Now before you think I’ve lost my marbles, let me explain…
I define meetings in a very broad sense: a gathering of two or more people to communicate. Meetings can move mountains through honest communication. Meetings can eliminate waste and confusion by getting everyone on the same page. Meetings can bring to light risks the team can now work on to minimize.
Meetings are simply the gas that moves along progress.
So why do people hate meetings?
Maybe it’s because there are lots of bad meetings, such as meetings that provide more confusion than answers, meetings that make no difference to the team’s success or failure, or meetings that discuss all the wrong things. Ugh. No wonder meetings get a bad rap.
There are three kinds of meetings necessary for a healthy organization:
- Working meetings: Team comes together to solve something
- Pass down meetings: Sharing of information (All Hands meetings)
- Report out meetings: Status updates, Metric reviews (usually includes recovery or continuous improvement plans)
Either you’re the Creator or the Attendee and in either role, only you can prevent BAD meetings.
- Identify the meeting’s purpose and provide an agenda. No exceptions.
- How many times do you get called into a meeting and have no idea why. If you expect someone else to provide information – tell them ahead of time so they can bring it and be prepared.
- You are responsible to ensure the meeting’s productivity. Constantly assess if it is accomplishing your needs. People’s time is a company resource -it’s the same as spending money on supplies and tools.

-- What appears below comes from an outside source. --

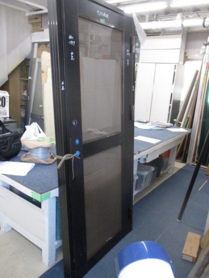 アルミフロント片開きドアにガラスではなく、今回はアルミパンチングパネル1.5mm厚さの物をコーキングで仕上げます。外部、自転車置き場に取付する為、風が抜けるように穴を開いた物を使用します。

Are you being a good steward?
- If a meeting needs a different format, change it.
- If you find no one is coming it’s either seen as not productive or your time slot stinks. Change it!

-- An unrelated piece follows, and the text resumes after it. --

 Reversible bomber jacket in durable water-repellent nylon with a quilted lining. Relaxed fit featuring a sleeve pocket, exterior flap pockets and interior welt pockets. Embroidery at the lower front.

- If the meeting is no longer needed, stop having it. Heresy? No, more like reality.
- If you are a member of a standing report out meeting – own your information. The team is counting on you to share what is important for success. Come prepared to share the specifics of what is needed to improve your metric. Be prepared to elevate the “important”.

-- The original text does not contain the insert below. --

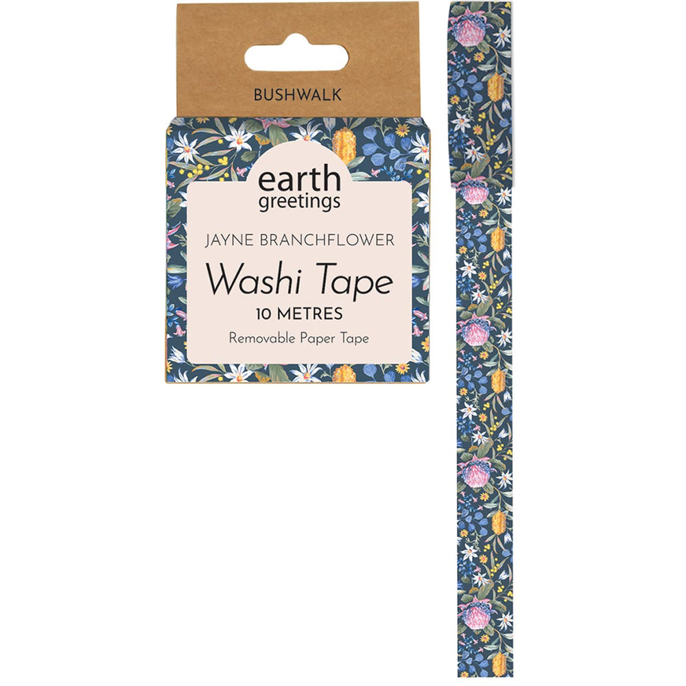 Earth Greetings Bushwalk Washi Tape is made from Japanese Washi paper with a 95% recycled paper core. It is a pretty paper tape featuring the botanical art of Australian artist Jayne Branchflower.

- Don’t throw issues out without having first done your homework. If you see a problem, pull the right people together and solve it (Yep, you should have a working meeting before you throw out the issue).
- Know your meeting types! If you are reporting out, you better have had working meetings to support your report out plans.
- If you are there to “just” listen – then take copious notes, communicate back, and think how you could pro-actively help the team.
Minutes are time consuming but necessary. Too long after the fact and they become worthless like day old fish. In a time-sensitive (or as a friend says “fluid”) environment, too long could be 12 hours. Have you ever tried:
- An action item list. It’s a great way to track commitments, people and timelines.
- A shared file. It could be as simple as an excel file and it can go a long way to keeping everyone on the same page.
- A simple white board. Put it in a common area. Everyone can see it.
If we remember that the purpose of any meeting is communicating and we each do our part to communicate better – “meetings” may actually be liked. Now, who’s got the cookies to the next meeting?